DNA Modification in Obese Persons: Detection and Estimation of Carboxymethyl-2’- Deoxyadenosine in Human Urine and DNA

Genetics, obesity, and lack of exercise play a vital role in the development of diabetes. Almost 80% of people with Type 2 diabetes are overweight. Both overweight and obesity are increasing in people with diabetes, but obesity is increasing at a much higher rate. Over the past 30 years, obesity has risen drastically across the nation and has become one of the most severe health conditions, impacting millions of United States citizens. It is estimated that 33% of U.S. adults aged 20 and over are overweight, 35.7% are obese, and 6.3% are extremely obese.1 Evidence from several studies indicates that obesity and weight gain are associated with an increased risk of diabetes2,3 via its role in the development of insulin resistance and its associated complications.4,5

It is widely believed that DNA is involved in complications arising out of obesity, diabetes, and other age-related diseases. Previous work by Z. Lila involved the detection of carboxymethyl-2’-deoxyadenosine (CMdA) and carboxymethyl-2’-deoxycytidine (CMdC)6‒8 from in vitro glycoxidation reactions, fasting urine specimens, calf thymus, and human serum DNA of diabetic persons. Estimation of CMdC and CMdA contents in fasting urine specimens using creatinine present therein as an internal standard indicate increasing amounts of CMdC and CMdA in human subjects within higher age groups compared to younger age groups of people investigated. These results are the first report of this kind involving DNA and glycoxidation reactions having implications in diabetes, mutations of DNA, and synthesis of important proteins such as insulin, energy transformation, cancer, etc.

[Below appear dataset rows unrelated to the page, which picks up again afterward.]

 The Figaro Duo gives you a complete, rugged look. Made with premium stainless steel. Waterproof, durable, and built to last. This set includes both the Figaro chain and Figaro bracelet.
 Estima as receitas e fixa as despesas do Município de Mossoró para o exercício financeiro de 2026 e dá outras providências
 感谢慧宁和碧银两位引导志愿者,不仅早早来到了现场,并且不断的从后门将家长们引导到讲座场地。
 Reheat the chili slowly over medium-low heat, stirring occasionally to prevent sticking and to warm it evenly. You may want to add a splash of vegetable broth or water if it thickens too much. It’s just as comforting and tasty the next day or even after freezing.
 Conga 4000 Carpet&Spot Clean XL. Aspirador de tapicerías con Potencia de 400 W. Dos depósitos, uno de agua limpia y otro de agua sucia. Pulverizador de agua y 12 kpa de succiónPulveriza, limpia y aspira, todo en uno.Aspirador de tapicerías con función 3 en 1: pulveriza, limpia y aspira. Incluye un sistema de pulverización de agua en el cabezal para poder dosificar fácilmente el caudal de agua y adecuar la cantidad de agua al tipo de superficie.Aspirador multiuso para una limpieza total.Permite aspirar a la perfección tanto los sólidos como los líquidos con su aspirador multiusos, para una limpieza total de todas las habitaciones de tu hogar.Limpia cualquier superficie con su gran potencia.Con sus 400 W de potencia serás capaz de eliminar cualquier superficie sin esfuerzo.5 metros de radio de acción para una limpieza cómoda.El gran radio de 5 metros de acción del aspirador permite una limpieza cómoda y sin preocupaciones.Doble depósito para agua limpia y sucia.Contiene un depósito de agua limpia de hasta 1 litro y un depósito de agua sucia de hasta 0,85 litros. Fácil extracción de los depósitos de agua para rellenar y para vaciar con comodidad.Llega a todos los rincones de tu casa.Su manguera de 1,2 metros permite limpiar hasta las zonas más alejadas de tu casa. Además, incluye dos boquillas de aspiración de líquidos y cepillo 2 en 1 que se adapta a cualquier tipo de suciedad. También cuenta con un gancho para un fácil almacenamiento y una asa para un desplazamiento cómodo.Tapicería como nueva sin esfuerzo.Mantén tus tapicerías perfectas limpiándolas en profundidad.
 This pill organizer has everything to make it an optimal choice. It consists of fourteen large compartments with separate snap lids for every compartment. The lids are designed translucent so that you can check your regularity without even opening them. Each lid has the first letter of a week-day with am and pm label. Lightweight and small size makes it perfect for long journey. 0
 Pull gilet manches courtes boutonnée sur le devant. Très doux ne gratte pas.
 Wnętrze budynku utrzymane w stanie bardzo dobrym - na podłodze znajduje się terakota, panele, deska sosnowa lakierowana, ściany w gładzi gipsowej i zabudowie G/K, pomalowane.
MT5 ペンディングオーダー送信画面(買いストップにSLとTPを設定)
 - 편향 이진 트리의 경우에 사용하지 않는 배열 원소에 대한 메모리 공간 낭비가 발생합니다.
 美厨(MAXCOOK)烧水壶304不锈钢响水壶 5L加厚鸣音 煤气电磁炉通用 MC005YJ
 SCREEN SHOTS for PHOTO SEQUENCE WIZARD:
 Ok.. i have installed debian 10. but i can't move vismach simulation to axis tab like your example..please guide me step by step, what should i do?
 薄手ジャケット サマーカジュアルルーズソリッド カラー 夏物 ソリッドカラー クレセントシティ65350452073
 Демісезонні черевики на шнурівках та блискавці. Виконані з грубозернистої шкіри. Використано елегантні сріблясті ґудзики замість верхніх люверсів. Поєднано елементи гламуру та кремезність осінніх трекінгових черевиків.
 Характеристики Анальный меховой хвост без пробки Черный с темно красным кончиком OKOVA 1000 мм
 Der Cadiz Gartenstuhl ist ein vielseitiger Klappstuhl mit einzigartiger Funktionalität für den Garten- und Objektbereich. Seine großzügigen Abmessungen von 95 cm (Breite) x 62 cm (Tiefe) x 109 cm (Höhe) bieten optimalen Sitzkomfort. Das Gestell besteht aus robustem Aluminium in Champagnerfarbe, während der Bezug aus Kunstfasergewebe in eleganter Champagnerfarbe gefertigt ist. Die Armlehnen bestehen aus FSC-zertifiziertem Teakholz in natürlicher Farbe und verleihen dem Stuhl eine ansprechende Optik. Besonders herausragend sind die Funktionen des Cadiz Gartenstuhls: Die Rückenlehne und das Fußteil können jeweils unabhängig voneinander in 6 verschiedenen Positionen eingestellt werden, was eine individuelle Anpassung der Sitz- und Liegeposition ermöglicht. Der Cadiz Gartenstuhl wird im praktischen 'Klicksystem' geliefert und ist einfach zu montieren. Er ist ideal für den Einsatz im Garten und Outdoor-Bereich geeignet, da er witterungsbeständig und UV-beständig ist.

An increased body mass index (BMI) among overweight individuals has been shown to be associated with increased risk of DNA damage due to oxidative stress9 and cardiovascular disease.10,11 8-oxodG is known to be a sensitive marker of oxidative DNA damage and of the total systemic oxidative stress in vivo.12 An increase in 8-oxodG content in urine in Type I and Type II (noninsulin-dependent) diabetic patients have been reported.13‒15

Glycoxidation and lipoperoxidation reactions incorporate permanent markers on biomolecules such as proteins. These markers serve as important diagnostic tools for evaluation and quantification of the extent of damage to the host molecules and the physiological consequences resulting from the inclusion of foreign materials in them. Important biomarkers of protein modification16‒18 of diabetes have been widely established and used. DNA biomarkers in relation to diabetes will continue to attract numerous technologies, methodologies, and procedures to provide better understanding of the disease.

Materials and methods

Study population

The study included 34 subjects (aged ≥18), both male and female, of whom 10 were healthy individuals, 10 were overweight, and 14 were nondiabetic obese. The informed consent form was obtained from each participant. The study protocol was approved by the Institutional Review Board of South Carolina State University and the Regional Medical Center in Orangeburg, SC. All participants were recruited through the Regional Medical Center.

Clinical measurements

Body weight and height was measured in light clothes and without shoes to the nearest 0.1 kg and 0.1 cm, respectively. Body mass index was calculated as the weight in kilograms divided by square of the height in meters. BMI was used as an index of obesity. Overweight is defined as a BMI of 25.0‒29.9 kg/m2 and obese is defined as a BMI ≥30.0 kg/m2.19

Biochemical measurements

Fasting blood and urine samples were collected from subjects. Blood samples were obtained for the measurements of glucose, lipids, and glycated hemoglobinA1c (HbA1c). Blood glucose level (BGL), lipids, and HbA1c were measured at the outpatient lab; BGL was assessed using fasting blood samples obtained through venipuncture. Serum glucose, total cholesterol (TC), triglycerides (TG), high-density lipoprotein cholesterol (HDL-c), and low density lipoprotein cholesterol (LDL-c) were analyzed using the enzymatic method. The HbA1c level was measured turbidimetrically. Fasting urine samples were obtained from volunteer donors and frozen at ‒20 oC until used. Urine creatinine concentration was estimated by a colorimetric method based on the Fisher Scientific Kit (Thermo Fisher Scientific, Waltham, MA) using the Pointe Scientific (Canton, MI) Creatinine Reagents and procedure.

Experimental procedure

All chemicals were obtained from Fisher Scientific (Pittsburgh, PA) unless otherwise indicated. All water was purified to a resistivity of 18.2 MΩ using the Milli-Q direct water purification system from Millipore Corp. (Molsheim, France).

1) Synthesis of CMdA using 2’-deoxyadenosine (dA) and chloroacetic acid: Synthesis of CMdA was achieved incubating 2’-deoxyadenosine (13 mg; 0.05 mmol) and chloroacetic acid (4.5 mg; 0.05 mmol). Isolation and identification of CMdA was carried out as described.6

2) Identification of CMdA in urine sample: In a typical experiment, 1 mL of fasting urine sample was adjusted to pH 7.0, evaporated in a rotary evaporator, and extracted three times with methanol; the residue was analyzed by HPLC (Figure 1b) and LC/MS/MS spectroscopy (Figure 2b).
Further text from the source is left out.